Examples from West and Fenstermaker
i. Conversational work. In conversational analysis, the issue of allocation involves “opening and closing a state of talk, maintaining an orderly exchange of turns at talk, and providing for a steady stream of conversational topics” (WF, p. 159). In their analysis of exchanges among unacquainted persons, one problem was to maintain the flow of conversation – often the conversation may have stopped without initiation by one or other parties. In terms of changes in topic, they report that in conversations between men and women men were more likely than women to unilaterally change the topic of conversation. This was especially the case when women appeared ready to report their point of view on particular topics. WF consider this as evidence that “the enactment of women’s and men’s essential natures conditions what gets talked about (and by whom)” (WF, p. 161).
ii. Household work. Another example they discuss is household labour. In the case of couples where both husband and wife are in the labour force, the wife may still do the bulk of household work. This does not indicate a rational or efficient division of household work, or a division based on who is most skilled. “Rather, it is determined by a complex relationship between the structure of work imperatives and the structure of normative conceptions of that work as gendered” (WF, p. 162). That is, “household labor is regarded as women's work, but that for a woman to do it and a man not to do it draws on and affirms what people conceive to be the essential nature of each” (WF, pp. 162-163). This is shown by the actual division of labour and the justifications for it. A wife may say that it is not the job of the husband, or that the husband is not very good at the job. In turn the husband may not become skilled at this work, or may even deskill himself. West and Fenstermaker point out that household work thus is two processes together – production of household goods and services and accomplishment of gender. In response to the question “What household work does your husband do?” one women said
He never helps me. I suppose I should say “rarely.” That’s a better word to describe it. He hangs up his clothes once in a while. He puts his dirty socks down the laundry chute. In extreme circumstances, he makes the bed. He does nothing. He doesn’t have to. It’s not his job. (WF, p. 162).
iii. Parenting. Another example WF cite is parenting in cases where parenting is shared more equally. The normal expectation of others is that the mother is the primary care giver. For those couples where parenting was more or less equally divided as a responsibility, both the mothers and the father argued that each parent could provide emotional closeness to the child. For couples where the women took greater responsibility, the explanation they used was that there are essential sex differences in ability to parent. In addition, all couples regarded themselves as accountable for the parenting arrangements, that is, accountable to others. One father who took his young children to public places was told that it was so good to see fathers taking on these responsibilities – thus making him a generic liberated father rather than an individual. One father complained of
constantly going shopping and having women stop me and say “Oh it’s so good t see you fathers.” I was no longer an individuals, I was this generic father who was not a liberated father who could take care of his child. (WF, p. 164).
iv.

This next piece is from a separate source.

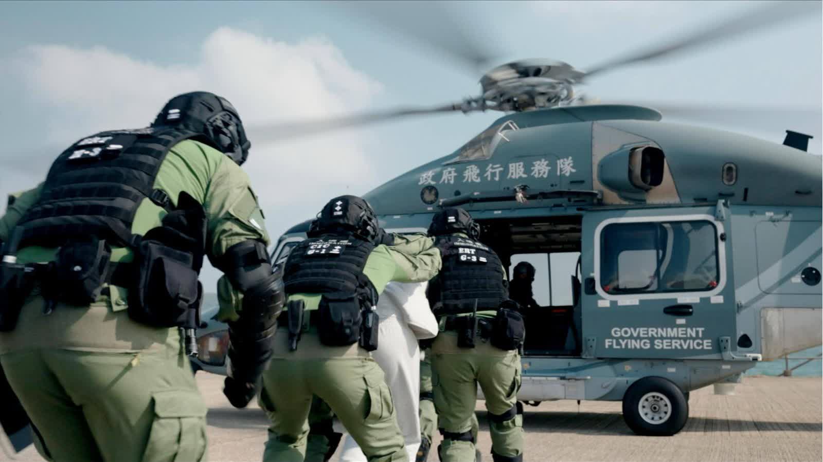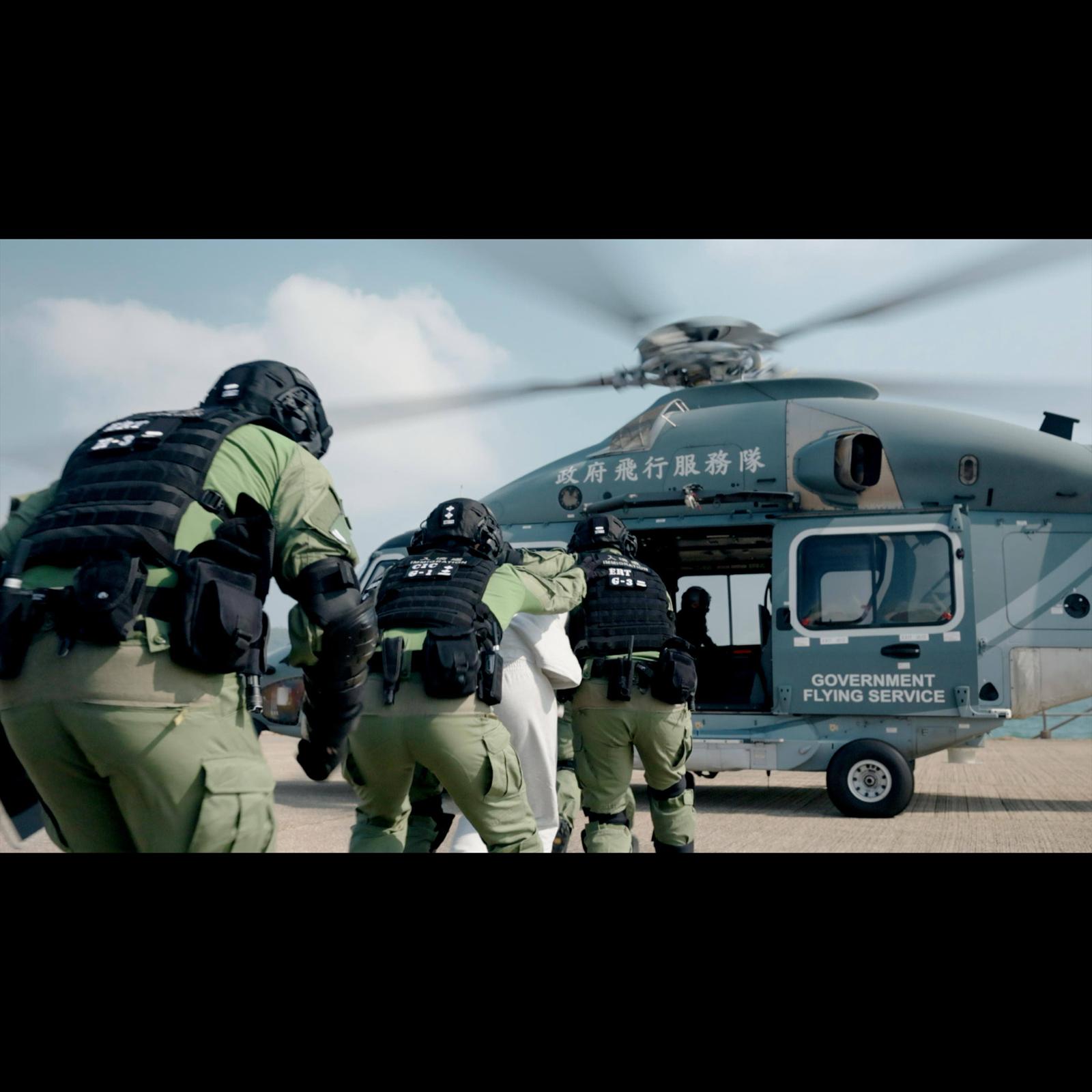 演習模擬中心人員在押送一名高保安風險羈留人士的時候,因惡劣天氣導致陸路交通受阻,中心指揮人員隨即啟動與政府飛行服務隊的協作機制,改用直升機進行空中押送,確保安全迅速地把羈留人士押返中心。
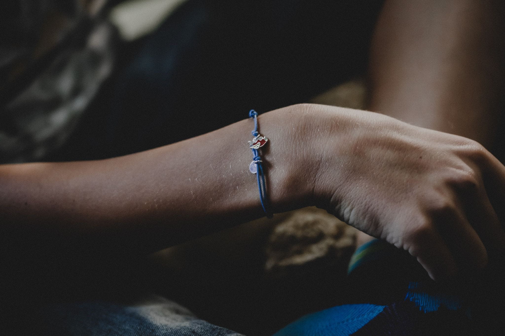 Materiał: srebro rodowane próby 925 + wytrzymały niebieski sznurek

Emotional labour . West and Fenstermaker also cite Hochschild’s findings about airline attendants, noting that “the job of a flight attendant is something quite different for a woman that it is for a man. … women flight attendants served as airline ‘shock absorbers,’ placating and soothing mishandled passengers” (WF, p. 165). “By contrast, men flight attendants were used as authority figures” (WF, p. 165).
Conclusion. In this approach, “Gender ... is a situated accomplishment: the local management of conduct in relation to normative conceptions of appropriate attitudes and activities for particular sex categories” (WF, p. 156). Each situation in which we find ourselves means we may relate to these norms, or accountable to these norms, but “we cannot determine the relevance of gender to social action apart from the context in which it is accomplished. ... While sex category is potentially omnirelevant to social life, individuals inhabit many different social identities that may be stressed or muted, depending on the situations.” (WF, p. 157). In this approach, there are no fixed male and female roles, but rather people have the view that “women and men possess essentially different natures, for which they will be held accountable in human affair.” (WF, p. 159).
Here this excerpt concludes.